A developer, originally a limited liability company, sought a variance as part of its application to redevelop a parcel as a mixed use development. The chair of the zoning board recused himself from the variance hearing on the variance because he had represented one of the developer's part-owners in the purchase of a house. An attorney who represented objectors in a previous related matter before the board inquired whether the acting chair, who was involved with the previous matter had any conflict of interest. The acting chair said she had no conflicts of interest regarding the developer's variance request and the board subsequently approved the developer's variance request.

The objector's attorney brought an action against the zoning board challenging the acting chair's participation in the hearing on the basis that the acting chair's father, a retired judge, held a position at same the law firm where the zoning board chair was a partner.
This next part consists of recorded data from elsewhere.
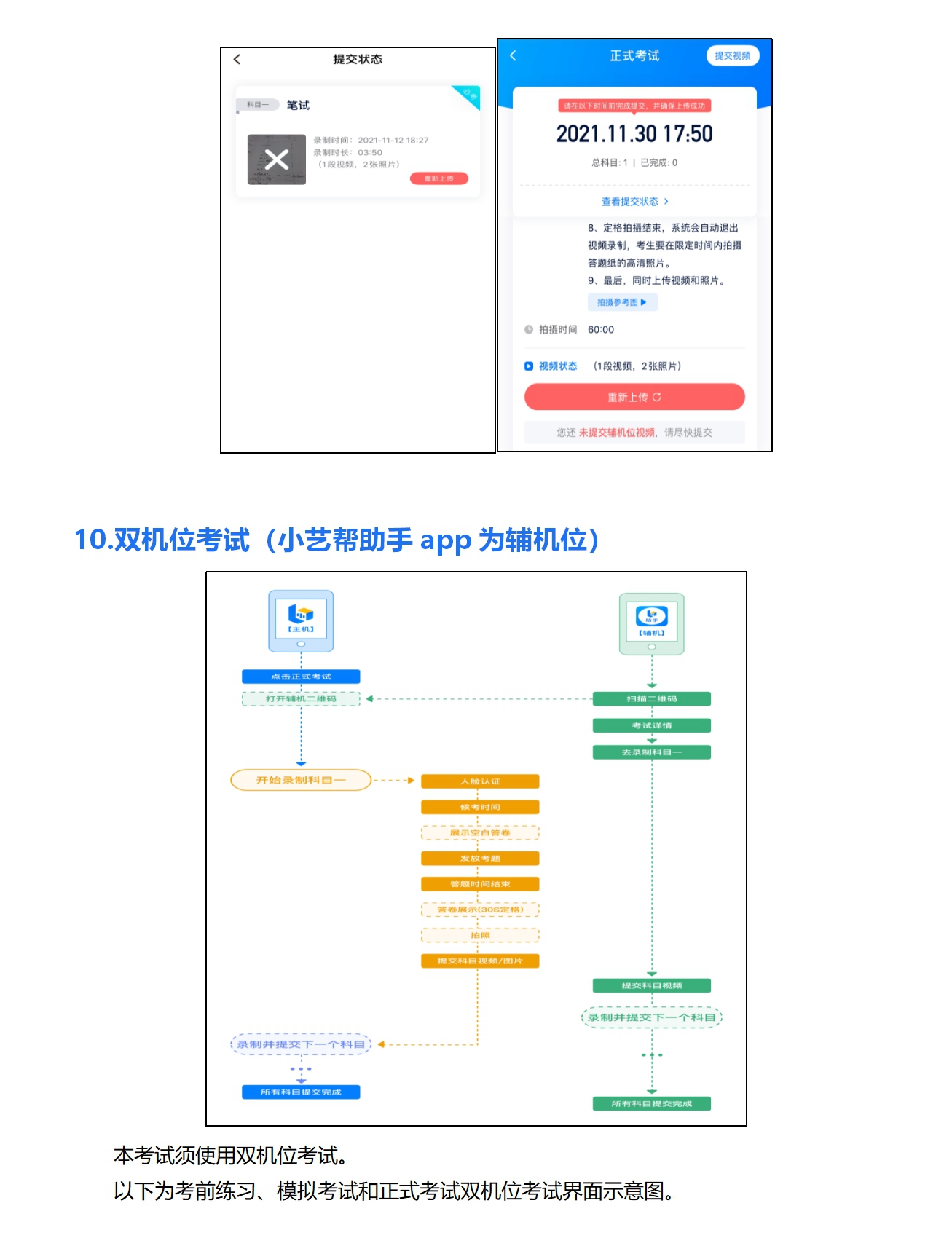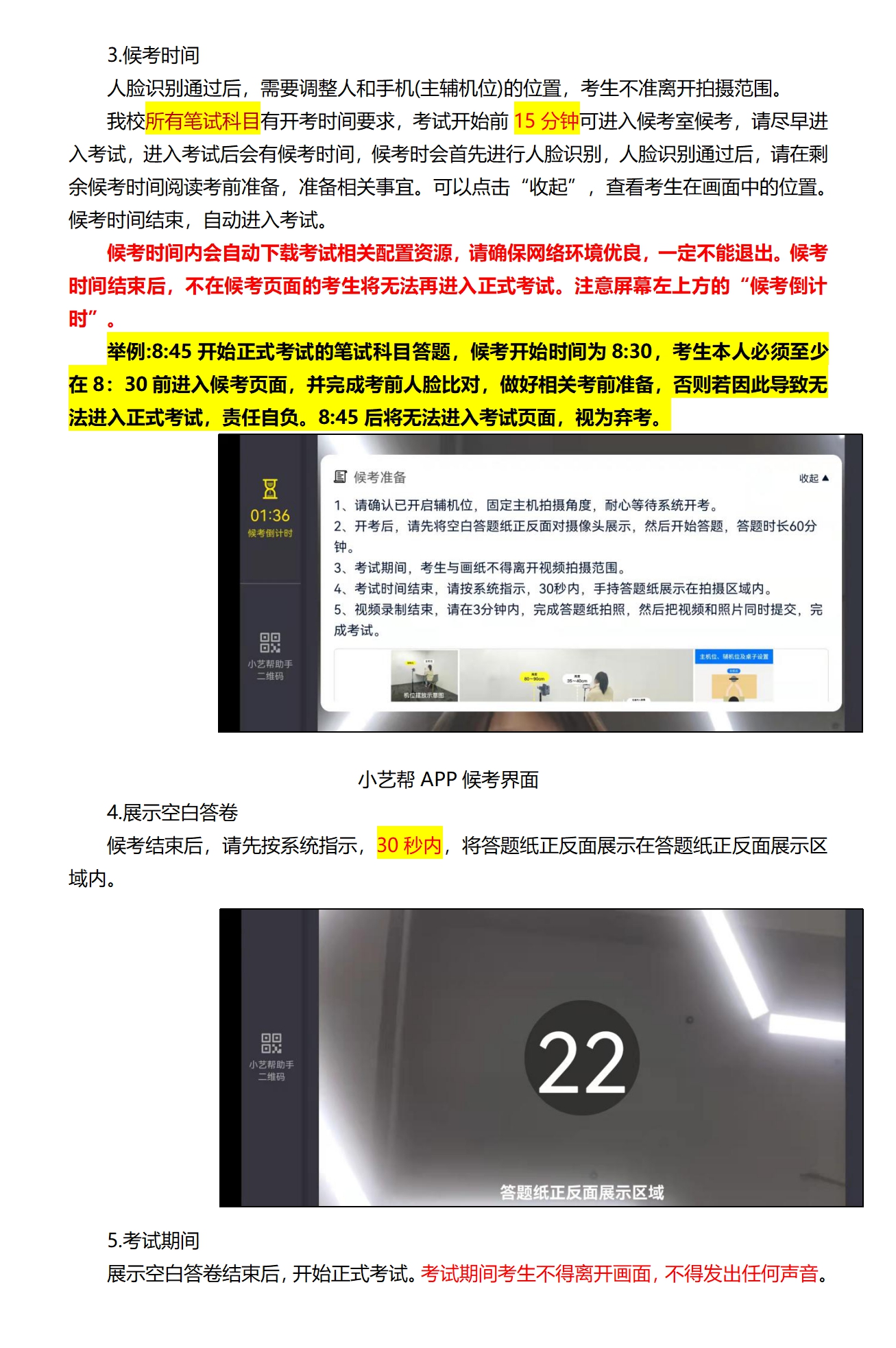 1.考生须考前提前15分钟进入小艺帮APP正式考试页面候考,按照监考教师要求调整主机和辅机位置,正式考试开始后未能进入的考生,视为自动放弃该科目考试。
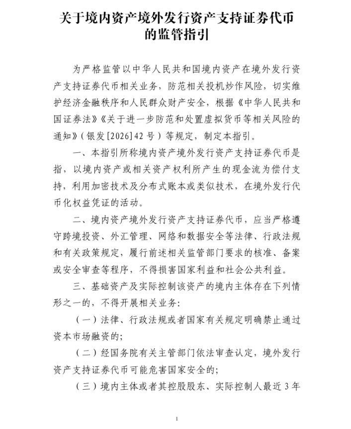 近期,一份名为《关于境内资产境外发行资产支持证券代币的监管指引》的文件引发市场高度关注。作为 2026 年证监会发布的第 1 号文,它首次从制度层面明确:
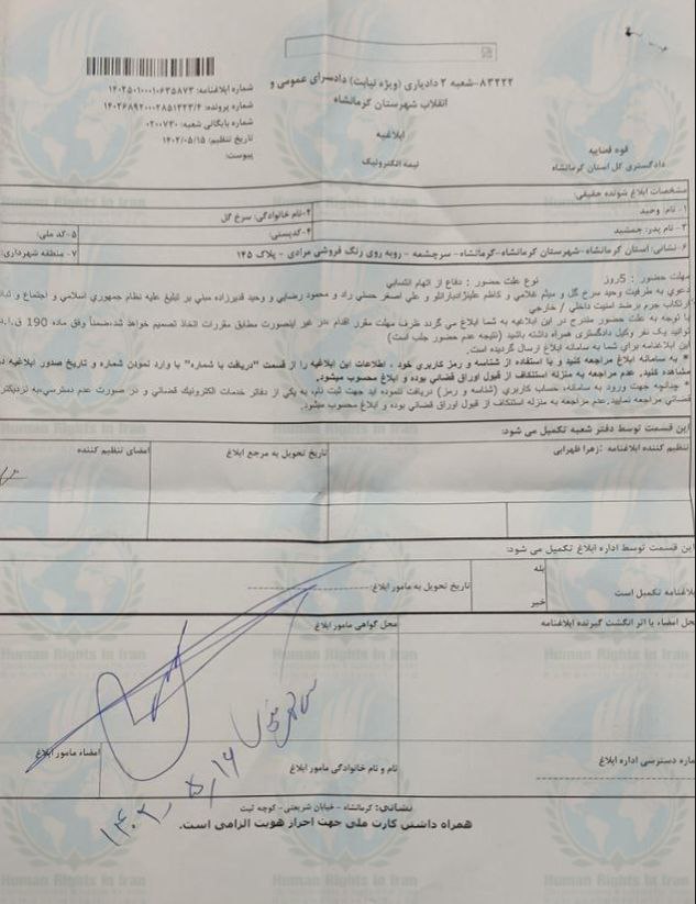 لازم به اشاره است، طی روزهای اخیر، وحید سرخ گل، برای بازپرسی و تفهیم اتهامات(تبلیغ علیه نظام) و (اجتماع و تبانی) به شعبه ۳ دادسرای انقلاب استان کرمانشاه احضار شده بود.
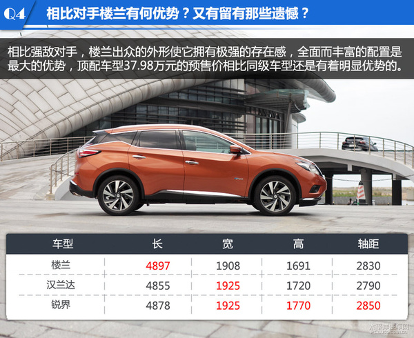 实际上从定位上来说,楼兰最直接的竞争对手是汉兰达和锐界,所以在身材方面,楼兰与这两个大家熟知的大家伙是差不多的。大尺寸一方面能让它看上去更有气势,另一方面能有一个好基础去打造车内的大空间。
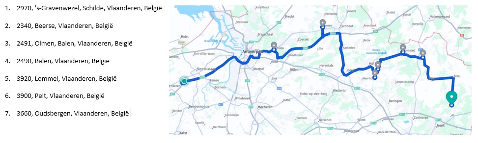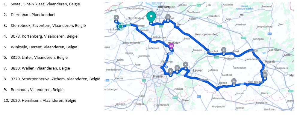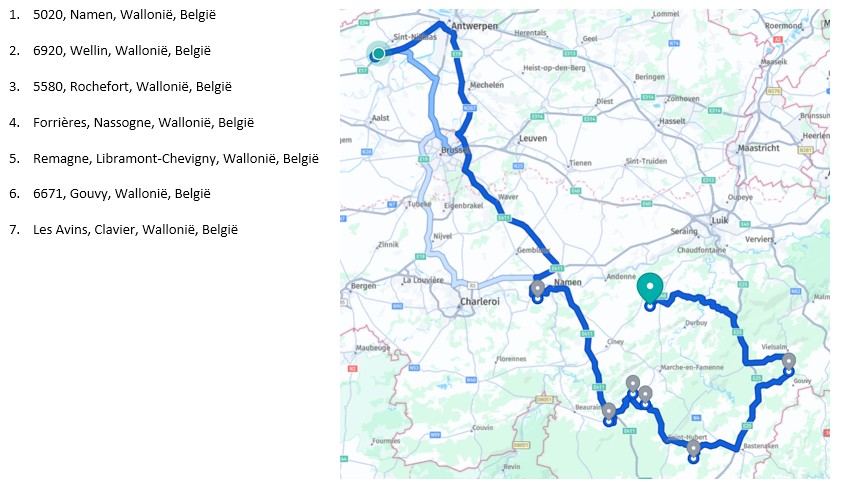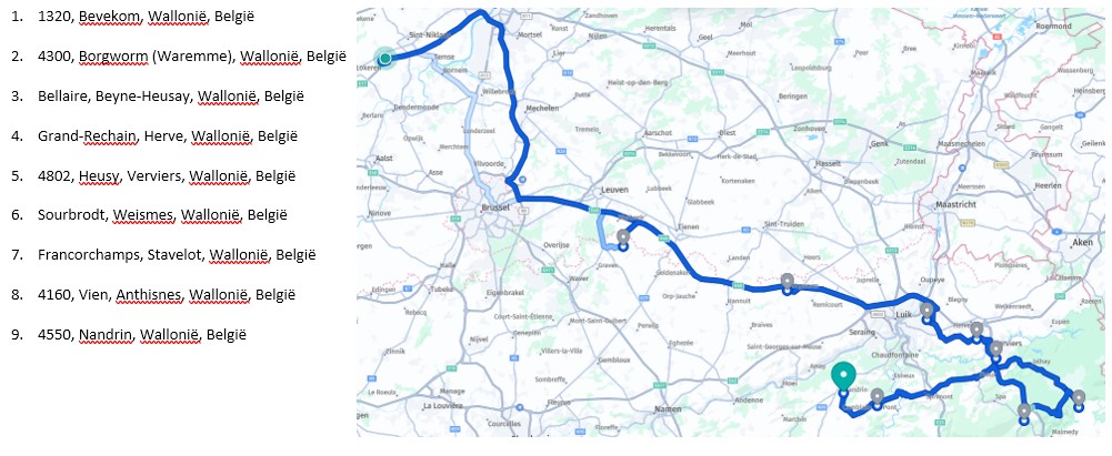 In de blauwe kolom linksboven zie je per stop een zone of gemeente, bijvoorbeeld "Antwerpen". Reken hiervoor: ongeveer 30 tot 45 minuten rijtijd vanaf Waasmunster plus ongeveer 15 minuten om de bestelling te lossen

The lower court dismissed the action, finding that any conflict of interest on the part of the chair could not be imputed to the acting chair, and that the acting chair's father's status at the law firm as "of counsel" could not be reasonably expected to impair the acting chair's ability to make an unbiased determination. The lower court also found that the objector's attorney had the opportunity to apply for a stay of the variance grant pending the outcome of the previous matter on the basis of the acting chair's purported conflict of interest, but failed to do so. As a result, he was barred from raising the challenge to the acting chair's participation.

On appeal, the Appellate Division pointed out that the law firm had never represented the developer and that it had been more than two years since any member of the law firm represented the part-owner of the developer or of any of its subdivisions. It also pointed out was that the acting chair's father only had an indirect connection to the representation of the developer's part-owner. The Court found that the chair's decision to recuse himself from the matter was a choice he made individually. It agreed with the lower court that there was no requirement that the acting chair do the same. Additionally, it found that the attorney had the opportunity during discovery to find out any additional facts regarding the chair's relationship to the developer's part-owner and if the relationship improperly influenced the acting chair's judgment. As a result of its findings, the Court upheld the zoning board's approval of the developer's variance request.